Exercise details: Each line of the material below is to be written out exactly. Leave out any picture.

Data excerpt:
· · ·
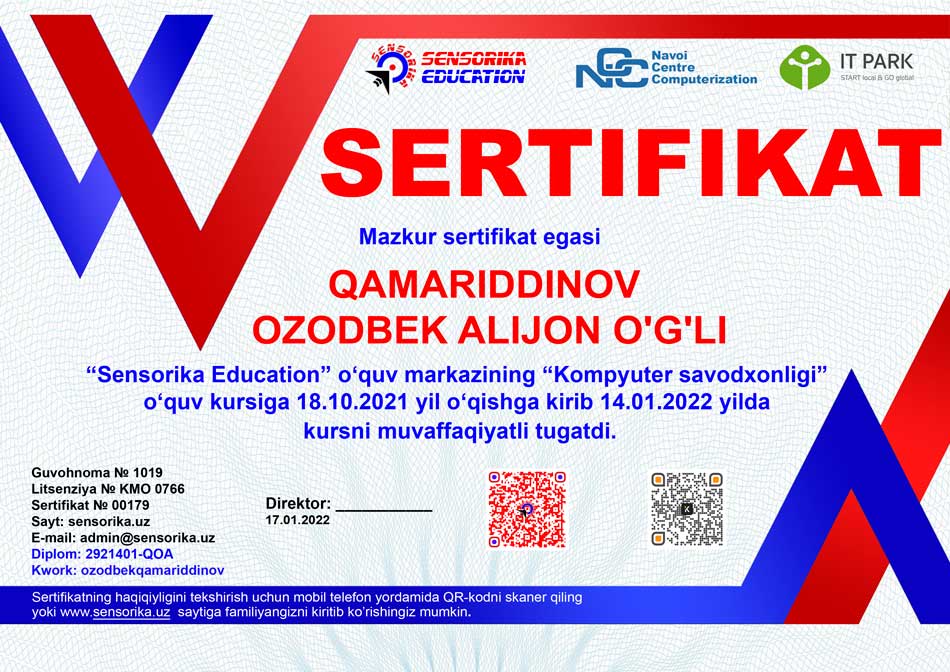 Sertifikat raqami: 2921401-QOA
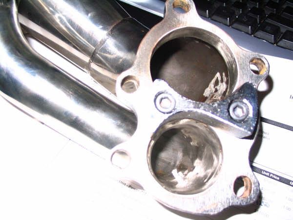 As mentioned before; main difference is the flange not being as thick (not thin by any means), the 5 bolt flange not welded all the way through, O2 sensor cap not included and 1 extra weld on the body. The 5 bolt alignment. Note the irregular size holes and clearance to the edge.
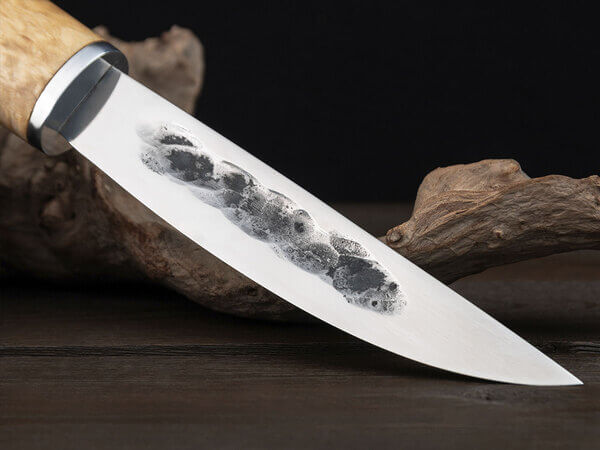Большой дол на стороне заточки выполнен со следами ковки, что делает нож более аутентичным и брутальным. Якутские мастера традиционно использовали дол, чтобы увеличить жесткость клинка и уменьшить площадь соприкосновения ножа с мясом для более удобной разделки замерзшей туши.
· · ·
Written answer:
 Sertifikat raqami: 2921401-QOA
 As mentioned before; main difference is the flange not being as thick (not thin by any means), the 5 bolt flange not welded all the way through, O2 sensor cap not included and 1 extra weld on the body. The 5 bolt alignment. Note the irregular size holes and clearance to the edge.
Большой дол на стороне заточки выполнен со следами ковки, что делает нож более аутентичным и брутальным. Якутские мастера традиционно использовали дол, чтобы увеличить жесткость клинка и уменьшить площадь соприкосновения ножа с мясом для более удобной разделки замерзшей туши.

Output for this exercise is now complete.